In this post, we look at a neo-noir with a female antagonist as its lead character. ‘The Last Seduction’ is a steamy neo-noir from the 90s starring Linda Fiorentino, Bill Pullman, and Peter Berg, directed by John Dahl, with a splendid screenplay by Steve Barancik.

Linda Fiorentino plays Bridget Gregory, the Femme Fatale on steroids. She is the ultimate psychopath, feeling no empathy, incapable of love, who can seduce men and use them in her own diabolic agenda. Bridget works as a manager in a telemarketing firm in New York, the 90s equivalent of the modern-day call center. Her husband, Clay (Bill Pullman), a physician, has a little side business where he sells prescription drugs to drug dealers and addicts. Unfortunately, he owes money to a dangerous moneylender. One day, after making a lucrative deal with some dealers, he brings home a bag full of cash.

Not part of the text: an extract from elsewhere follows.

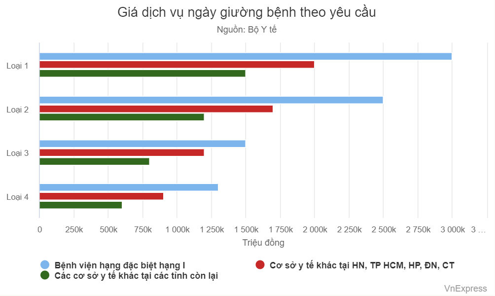 Giá giường nằm tại phòng điều trị theo yêu cầu (chưa bao gồm tiền thuốc, các dịch vụ kỹ thuật y tế) tối đa 3 triệu đồng một ngày với bệnh viện hạng đặc biệt, hạng một, mỗi phòng một giường. Cùng hạng bệnh viện này, nếu phòng có hai giường giá 2,5 triệu đồng/giường; phòng 3 giường giá 1,5 triệu đồng/giường, phòng 4 giường giá 1,3 triệu đồng/giường.

Seizing the opportunity, Bridget absconds with the money and makes her way to Chicago. In Beston, a rural town, she stops at a bar to have a drink. A young man, Mike (Peter Berg), is at the bar, talking about his brief failed marriage in Buffalo and his failed effort to make it in a big city.

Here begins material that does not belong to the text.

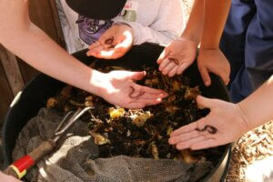 Students investigate a vermicompost (worm compost) pile. Photo courtesy of Life Lab.

Mike is immediately attracted to Bridget, who first rudely dismisses him but later decides to use him for her own sexual satisfaction. When she finds out from a lawyer friend of hers that Mike is looking for her, she takes his advice to stay in Beston for a while and delay her trip to Chicago. Under an assumed alias, Wendy Kroy, she takes up a job at an insurance company in Beston, where Mike works. Mike is soon falling for ‘Wendy’, becoming the ultimate patsy in the nasty web she is about to weave.

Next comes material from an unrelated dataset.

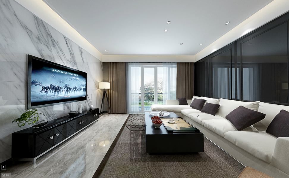 融创国宾壹号院装修案例,现代简约黑白灰大平层设计图

Mike, her husband, seems to be a suitable adversary for her, hires Harlan (Bill Nunn), a black detective, to locate her. Harlan locates her in Beston, but Bridget is not beyond killing him and exploiting the prejudices and xenophobia of the small-town citizenry to escape the law.

Knowing that Mike is not going to stop going after her, she puts her own diabolical plot to work, using her loyal and unsuspecting Mike as a pawn in it. Can Mike outwit her and bring her down? That is a question answered in the rest of the plot.

One great aspect of neo-noir movies is that they can push the limits of the plot beyond what was possible in the film noir era of the 30s and 40s. The highly restrictive Production Code had strict rules that in movie plots, no character could get away with a crime or share a bed with someone other than a spouse. Thankfully, neo-noirs like ‘The Last Seduction’ have since broken these rules and given us more outrageously deliciously wicked plots. To put it in the words of Roger Ebert,

“John Dahl’s The Last Seduction knows how much we enjoy seeing a character work boldly outside the rules. It gives us a diabolical, evil woman, and goes the distance with her. We keep waiting for the movie to lose its nerve, and it never does.”

This movie is a must-see for all neo-noir fans. Linda Fiorentino is outstanding in it, while Berg and Pullman throw in decent performances. Steve Barancik’s slick screenplay and John Dahl deserve praise as well.